- Havelock Township, Minnesota Location within the state of Minnesota Havelock Township, Minnesota Havelock Township, Minnesota (the United States)
- Coordinates: 45°1′42″N 95°32′37″W﻿ / ﻿45.02833°N 95.54361°W
- Country: United States
- State: Minnesota
- County: Chippewa

Area
- • Total: 35.8 sq mi (92.6 km^{2})
- • Land: 35.8 sq mi (92.6 km^{2})
- • Water: 0 sq mi (0.0 km^{2})
- Elevation: 1,063 ft (324 m)

Population (2000)
- • Total: 189
- • Density: 5.2/sq mi (2/km^{2})
- Time zone: UTC-6 (Central (CST))
- • Summer (DST): UTC-5 (CDT)
- FIPS code: 27-27656
- GNIS feature ID: 0664415

= Havelock Township, Chippewa County, Minnesota =

Havelock Township is a township in Chippewa County, Minnesota, United States. The population was 189 at the 2000 census.

==History==
Havelock Township was organized in November 10, 1873, and named for Henry Havelock, a British officer. Originally in September 20, 1873, the county board approved a petition to organize it as the Greenfield Township but the order was lost before beginning recorded. The first school in the county was a sod structure built in 1874 and staffed by teacher Mary Nason.

==Geography,==
According to the United States Census Bureau, the township has a total area of 35.8 sqmi, all land.

==Demographics==
As of the census of 2000, there were 189 people, 71 households, and 57 families residing in the township. The population density was 5.3 PD/sqmi. There were 76 housing units at an average density of 2.1 /sqmi. The racial makeup of the township was 98.41% White, 1.59% from other races. Hispanic or Latino of any race were 1.59% of the population.

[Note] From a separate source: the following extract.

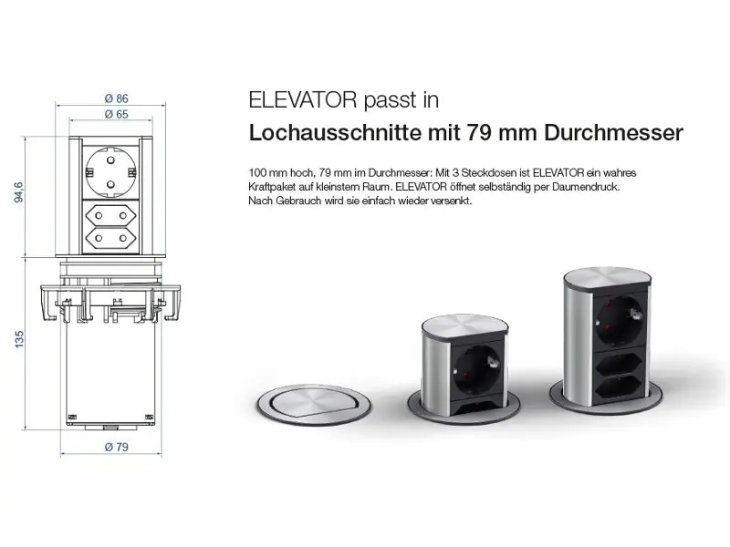 - Einbautiefe (ohne Kabel): 135 mm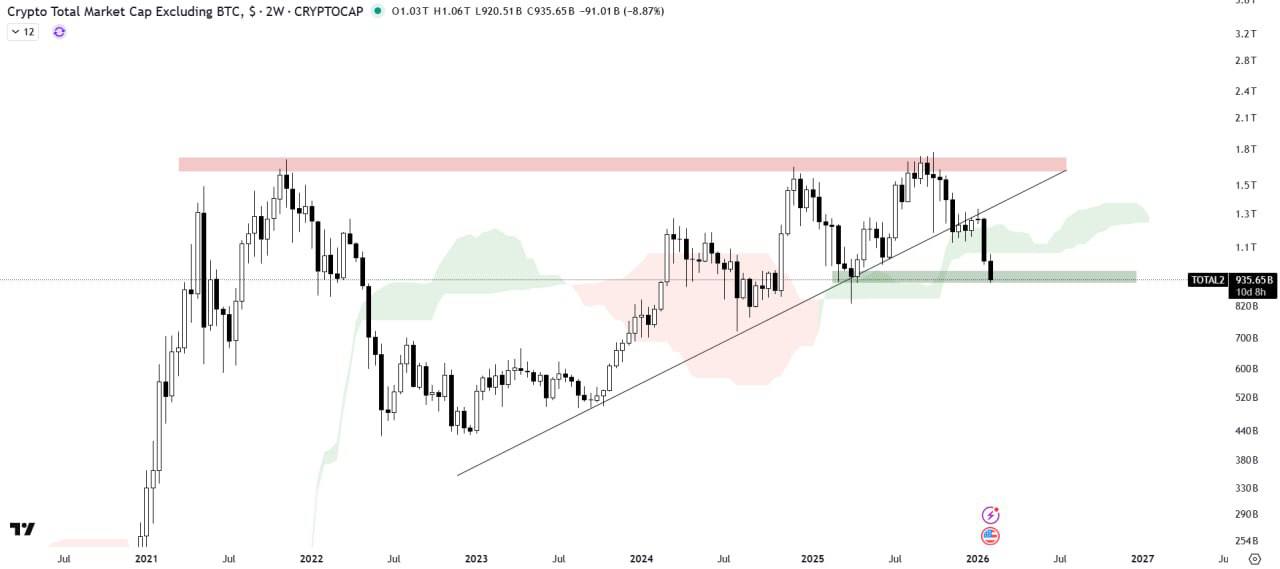 The altcoins market cap has broken down from the ascending triangle pattern and is currently trading within a horizontal demand zone.

There were 71 households, out of which 40.8% had children under the age of 18 living with them, 77.5% were married couples living together, 1.4% had a female householder with no husband present, and 19.7% were non-families. 16.9% of all households were made up of individuals, and 7.0% had someone living alone who was 65 years of age or older. The average household size was 2.66 and the average family size was 3.02.

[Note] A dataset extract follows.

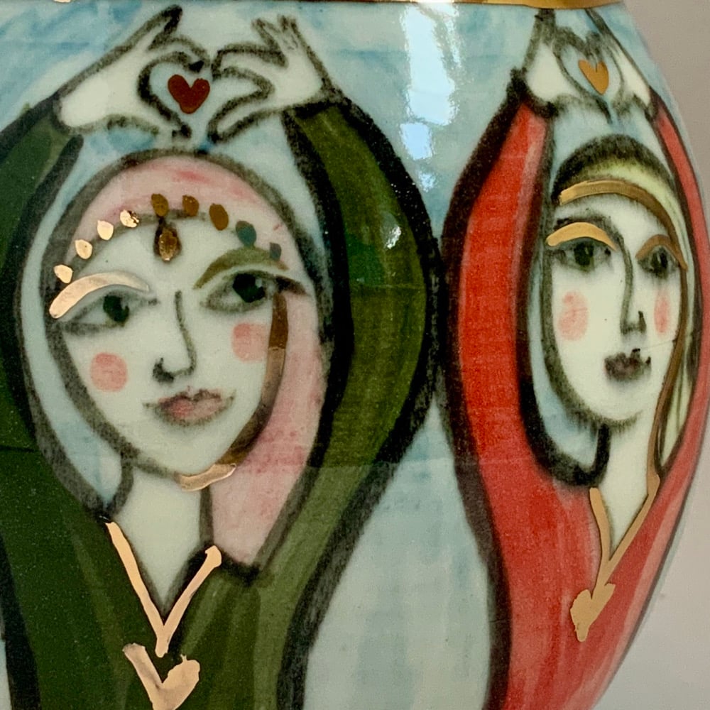 Love , six women dance around this pot their hearts held aloft united in their message of peace between all faiths and races .

In the township the population was spread out, with 25.4% under the age of 18, 5.3% from 18 to 24, 26.5% from 25 to 44, 26.5% from 45 to 64, and 16.4% who were 65 years of age or older. The median age was 43 years. For every 100 females, there were 98.9 males. For every 100 females age 18 and over, there were 98.6 males.

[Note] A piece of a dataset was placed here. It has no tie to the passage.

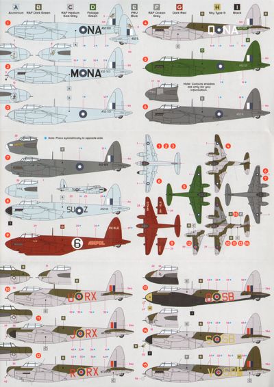 DK Decals - de Havilland 98 Mosquito of Australian pilots in RAAF and RAF (15 camouflage schemes) 1. Mosquito FB.VI, A52-533, No.1 Sq. RAAF, Borneo, 1945 2. Mosquito FB.VI, A52-513, No.1 Sq. RAAF, Borneo, 1945 3. Mosquito FB.VI, A52-531, No.1 Sq. RAAF, Borneo, 1945 4. Mosquito FB.VI, A52-505, No.1 Sq. RAAF, the Philippines, 1945 5. Mosquito FB.40, A52-50, No.5 O.T.U., RAAF, Australia, 1944 6. Mosquito PR.40, A52-6, No.87 Sq. RAAF, Coomalee Creek, 1944 7. Mosquito PR.XVI, A52-619, No.87 Sq. RAAF, Australia, 1945 8. Mosquito FB.40, A52-101, No.87 Sq. RAAF, Australia, 1946 9. Mosquito PR.41, (A52-324) VH-KLG, London/New Zealand Air Race, Cocos Islands, 1953 10. Mosquito Mk.II, DZ269, No.456 Sq. RAF, Middle Wallop, 1943 11. Mosquito Mk.XVII, HK290/G, No.456 Sq. RAF, Ford, 1944 12. Mosquito Mk.XXX, NT264/G, No.456 Sq. RAF, Bradwell Bay, 1945 13. Mosquito FB.VI, HX914, No.464 Sq. RAF, December 1943 14. Mosquito FB.VI, HR352, No.464 Sq. RAF, March 1945 15. Mosquito FB.VI, MM403, No.464 Sq. RAF, Operation Jericho, 18 February 1944

The median income for a household in the township was $42,500, and the median income for a family was $47,083. Males had a median income of $26,250 versus $20,000 for females. The per capita income for the township was $17,012. About 4.9% of families and 7.5% of the population were below the poverty line, including 11.4% of those under the age of eighteen and none of those 65 or over.